* [Work order]: Everything from the first line of the data below through the line that contains "ミヤザワフルートフェア(5月23日〜24日)-OPUS本店1F管弦ピアノフロア" should be written out exactly, please, and nothing more; the pictures stay out.

- - -

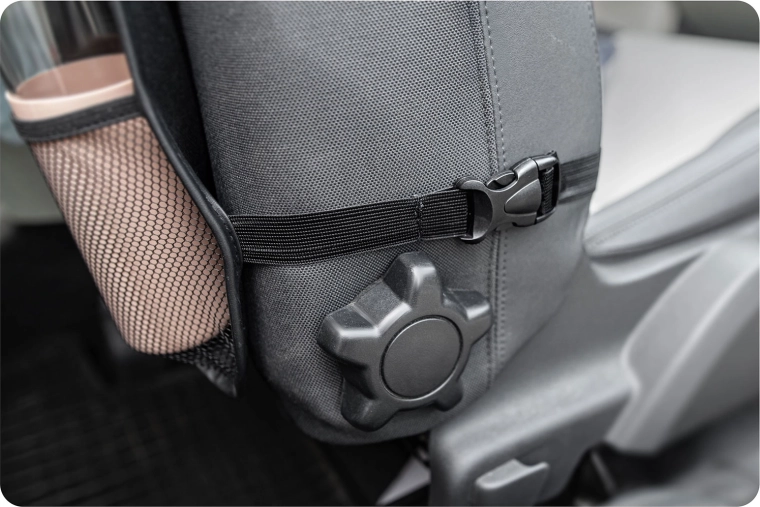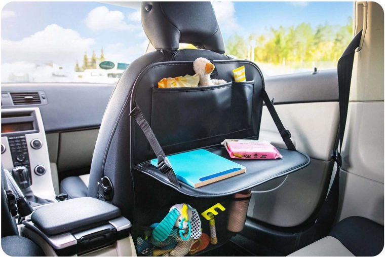 Montažo opravite v hipu z nastavljivimi trakovi. Otroci imajo vse pri roki – tablico, prigrizke, steklenico in najljubše igrače – vi pa vozite v miru. Idealno za dolge poti in vsakodnevne vožnje.
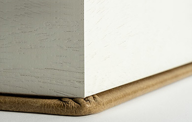 Buckram coating is made of stiff cotton, giving it a strong and durable texture. Being known for the durability of its fibres, Buckram is an authentic classic that lasts from generation to generation. It allows the choice of a wide range of colours, from its natural tones to the most vibrant ones.
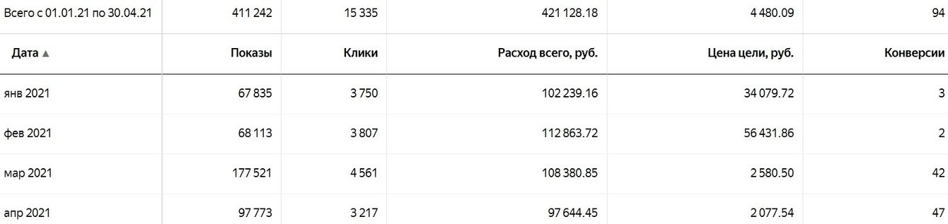 Кампании у клиента работают 11 месяцев, среднемесячный бюджет составляет 100 т.р. с НДС, стоимость звонка более 30 000 рублей.
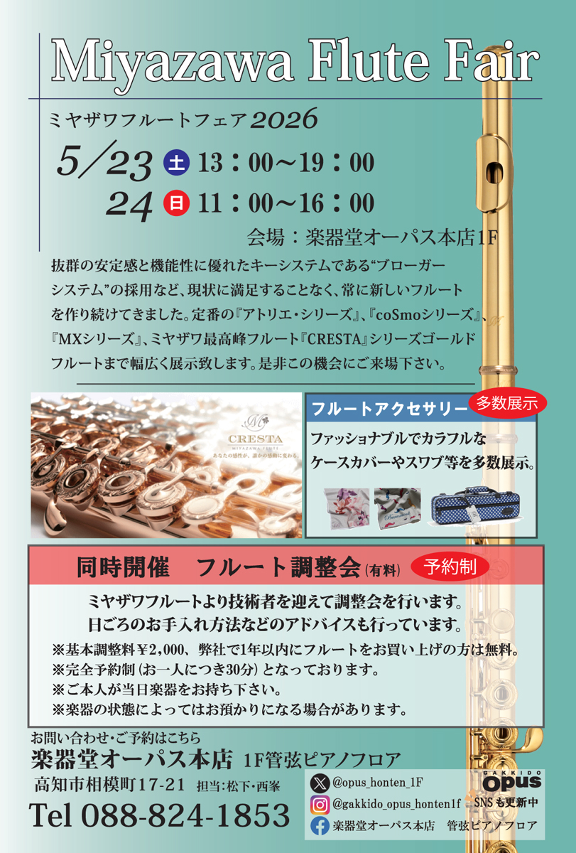 ミヤザワフルートフェア(5月23日〜24日)-OPUS本店1F管弦ピアノフロア
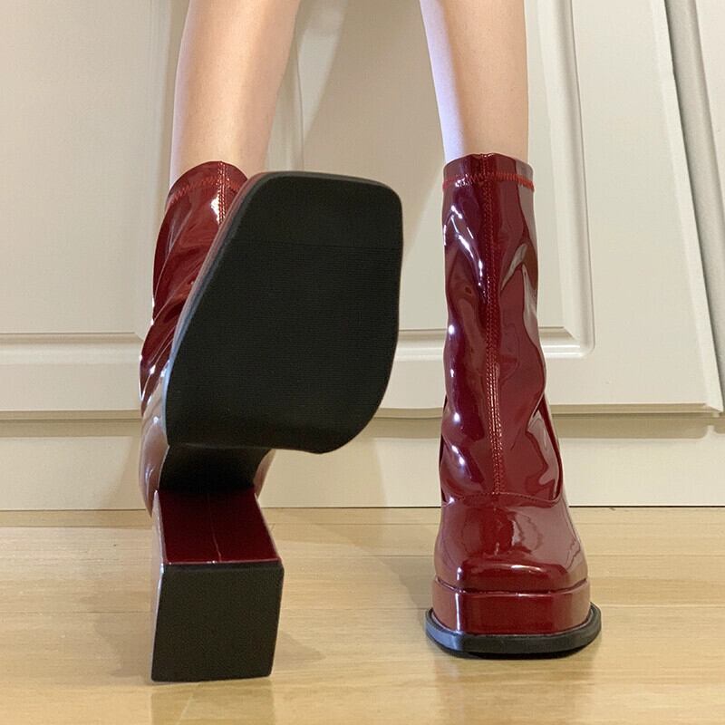Jia Bufake 厚いヒールショートブーツの女性 2023 秋の新ファッションフレンチスタイル多用途ハイヒール弾性スリムブーツ 靴 シューズ エラスティック 伸縮 オータム 秋物 jxjxf32946019014
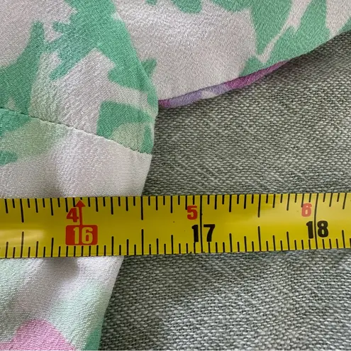Chic mini dress with floral print. Features pink, purple, and green hues. Puff sleeves and side tie... Show more
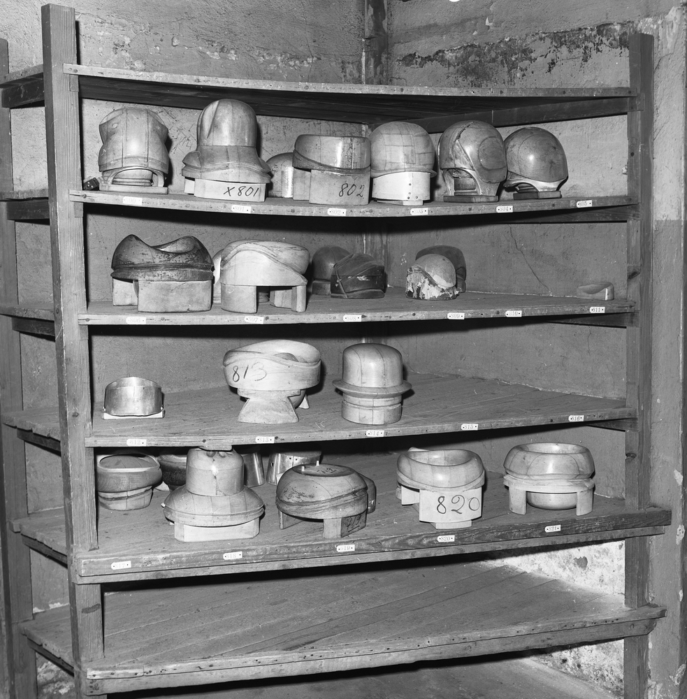 Lindbergs Strå- och Filth. Hattillverkning. 217/67 Träformar i hörnhylla i formrummet
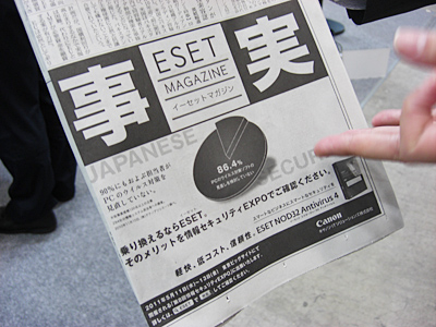 「ESET」は、ディストリビュータであるキヤノンITソリューションズがマーケティングを主導しながら販売している。ブースでは「実装」「歴史」「解決」「募集」という、インパクトの強い2文字で、来場者にメッセージを伝えている。「今年はESETのすぐれた技術を最適な形で導入できる『実装力』を強く訴えた」(セキュリティ企画部セキュリティ企画第一課の輿水直貴氏)とのことだ。法人向け製品拡販のパートナー「募集」も行っている。
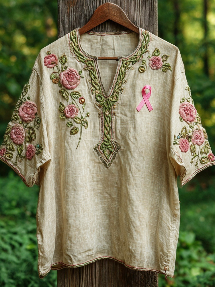 Celtic Knot Rose Embroidered Pink Ribbon Awareness Vintage Women's Linen V-neck Shirt
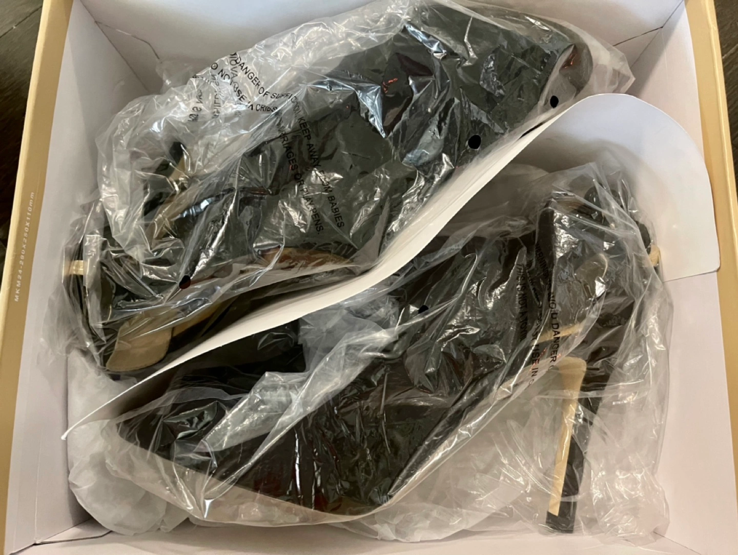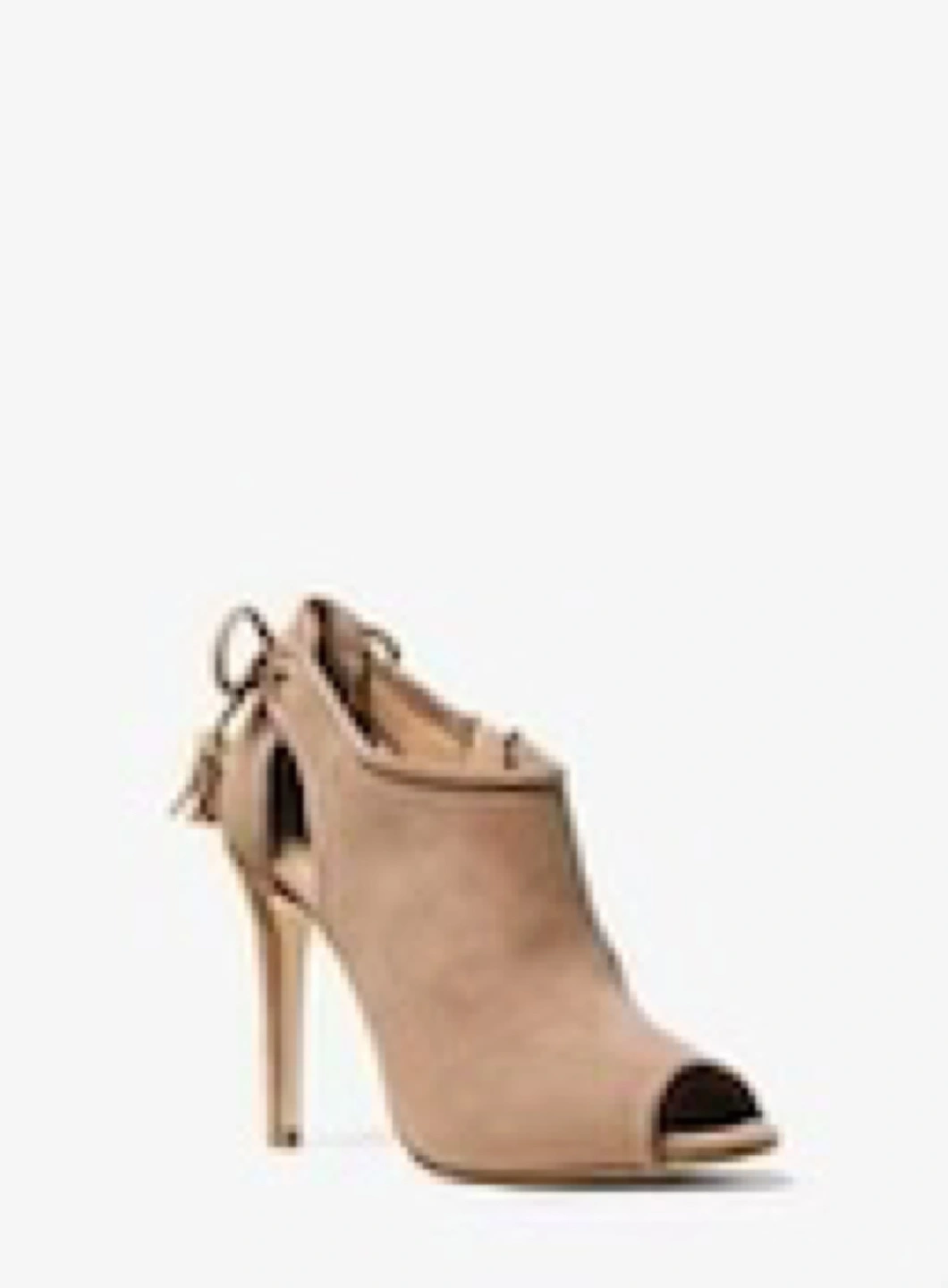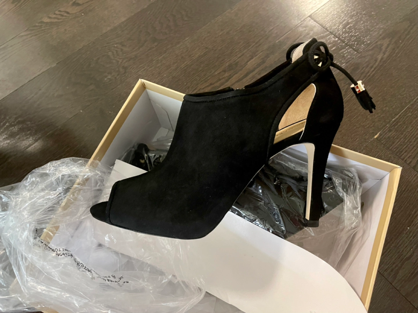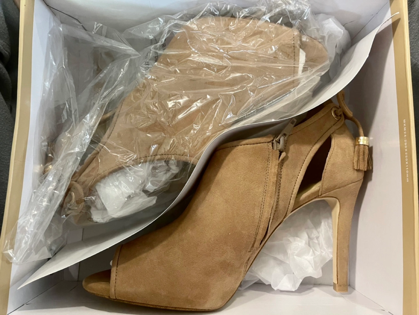 Micheal kors black and beige suede heels with open peek toe, inside zipper, gold accents and bow on the back. The heels are brand new, never been worn in original packaging. Size 10
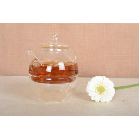 GLAZEN THEEPOT MET HOUTEN HANDVAT
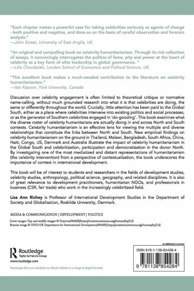 Discussion over celebrity engagement is often limited to theoretical critique or normative name-calling, without much grounded research into what it is that celebrities are doing, the same or differently throughout the world. Crucially, little attention has been paid to the Global South, either as a place where celebrities intervene into existing politics and social processes, or as the generator of Southern celebrities engaged in 'do-gooding'. This book examines what the diverse roster of celebrity humanitarians are actually doing in and across North and South contexts. Celebrity humanitarianism is an effective lens for viewing the multiple and diverse relationships that constitute the links between North and South. New empirical findings on celebrity humanitarianism on the ground in Thailand, Malawi, Bangladesh, South Africa, China, Haiti, Congo, US, Denmark and Australia illustrate the impact of celebrity humanitarianism in the Global South and celebritization, participation and democratization in the donor North. By investigating one of the most mediatized and distant representations of humanitarianism (the celebrity intervention) from a perspective of contextualization, the book underscores the importance of context in international development. This book will be of interest to students and researchers in the fields of development studies, celebrity studies, anthropology, political science, geography, and related disciplines. It is also of great relevance to development practitioners, humanitarian NGOs, and professionals in business (CSR, fair trade) who work in the increasingly celebritized field.
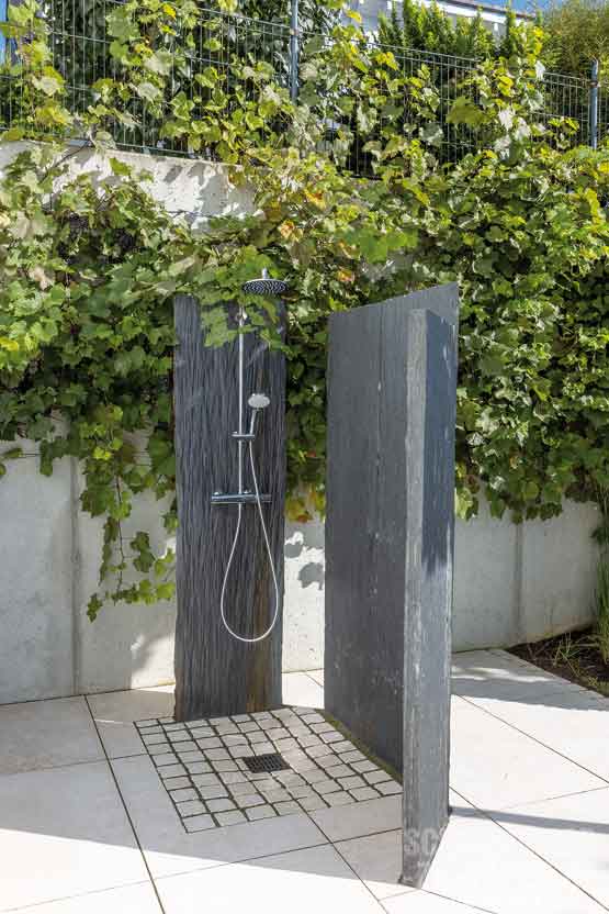 Farbtechnisch entschied man sich für die Ausführung „Papyrus“. „Das ergibt ein ganz helles Grau, wodurch ein natürlich-bläulicher Wassercharakter entsteht“, beschreibt Steffen Bergmann den Effekt. Als Schutz vor Schmutz und um die Wassertemperatur möglichst konstant zu halten, hat sich das Ehepaar außerdem eine Schwimmbadabdeckung mit hagelfesten Solarlamellen aus Polycarbonat einbauen lassen. Der Rollladenschacht „Integra 2-13“ wird unterflur montiert und ermöglicht dadurch einen besonders hohen Wasserstand. In ihm wird das Wasser durch eine Mess- und Regelanlage von Ospa vollautomatisch
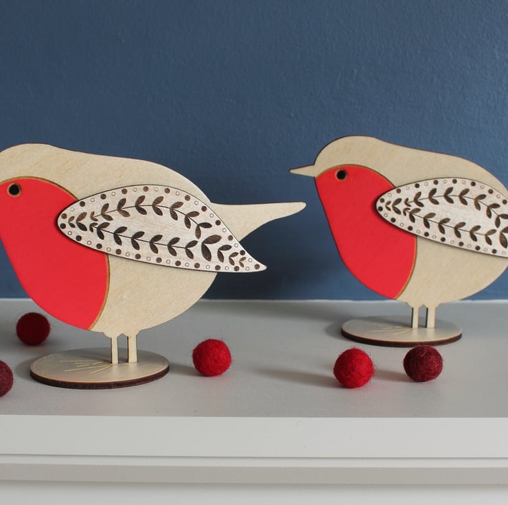 Standing Wooden Robin Christmas Decoration - Hand Painted
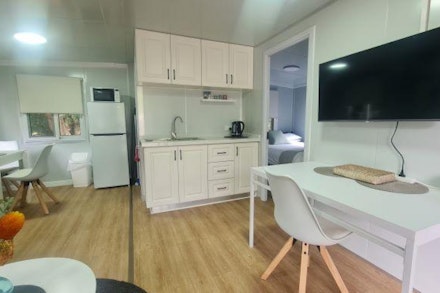 The cabin is air conditioned and includes a welcoming lounge area and a Smart Full HD television for your entertainment. The well-equipped kitchenette provides everything you need for easy meal preparation, including an air fryer, electric frying pan, microwave, and large refrigerator.

- - -

* [Solution]:
 Montažo opravite v hipu z nastavljivimi trakovi. Otroci imajo vse pri roki – tablico, prigrizke, steklenico in najljubše igrače – vi pa vozite v miru. Idealno za dolge poti in vsakodnevne vožnje.
 Buckram coating is made of stiff cotton, giving it a strong and durable texture. Being known for the durability of its fibres, Buckram is an authentic classic that lasts from generation to generation. It allows the choice of a wide range of colours, from its natural tones to the most vibrant ones.
 Кампании у клиента работают 11 месяцев, среднемесячный бюджет составляет 100 т.р. с НДС, стоимость звонка более 30 000 рублей.
 ミヤザワフルートフェア(5月23日〜24日)-OPUS本店1F管弦ピアノフロア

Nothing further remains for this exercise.